* [Task details] Please, could you print all the lines below exactly, leaving out the pictures?

* [Raw data]
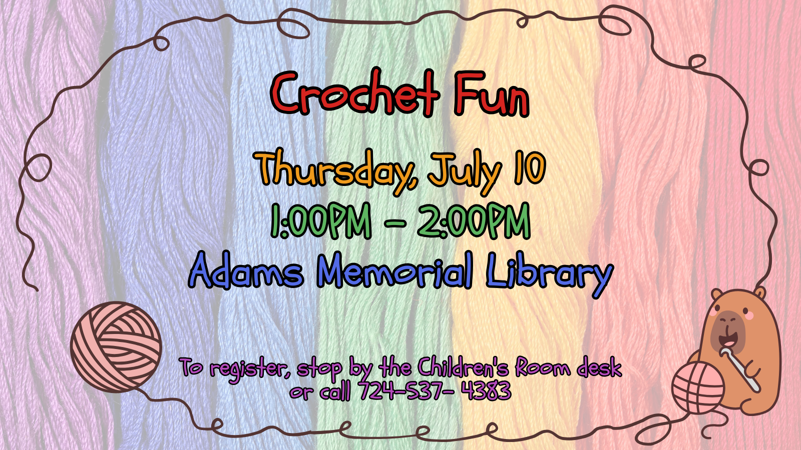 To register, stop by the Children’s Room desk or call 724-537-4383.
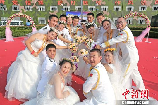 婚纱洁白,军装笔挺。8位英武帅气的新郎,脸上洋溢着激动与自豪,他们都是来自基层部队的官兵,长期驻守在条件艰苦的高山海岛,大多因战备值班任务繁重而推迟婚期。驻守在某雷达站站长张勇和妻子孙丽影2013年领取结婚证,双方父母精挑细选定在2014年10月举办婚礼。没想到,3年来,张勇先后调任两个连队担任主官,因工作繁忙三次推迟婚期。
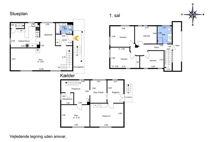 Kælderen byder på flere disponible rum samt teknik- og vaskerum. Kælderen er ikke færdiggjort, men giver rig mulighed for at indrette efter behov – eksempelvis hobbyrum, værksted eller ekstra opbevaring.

* [Solution to the exercise]
 To register, stop by the Children’s Room desk or call 724-537-4383.
 婚纱洁白,军装笔挺。8位英武帅气的新郎,脸上洋溢着激动与自豪,他们都是来自基层部队的官兵,长期驻守在条件艰苦的高山海岛,大多因战备值班任务繁重而推迟婚期。驻守在某雷达站站长张勇和妻子孙丽影2013年领取结婚证,双方父母精挑细选定在2014年10月举办婚礼。没想到,3年来,张勇先后调任两个连队担任主官,因工作繁忙三次推迟婚期。
 Kælderen byder på flere disponible rum samt teknik- og vaskerum. Kælderen er ikke færdiggjort, men giver rig mulighed for at indrette efter behov – eksempelvis hobbyrum, værksted eller ekstra opbevaring.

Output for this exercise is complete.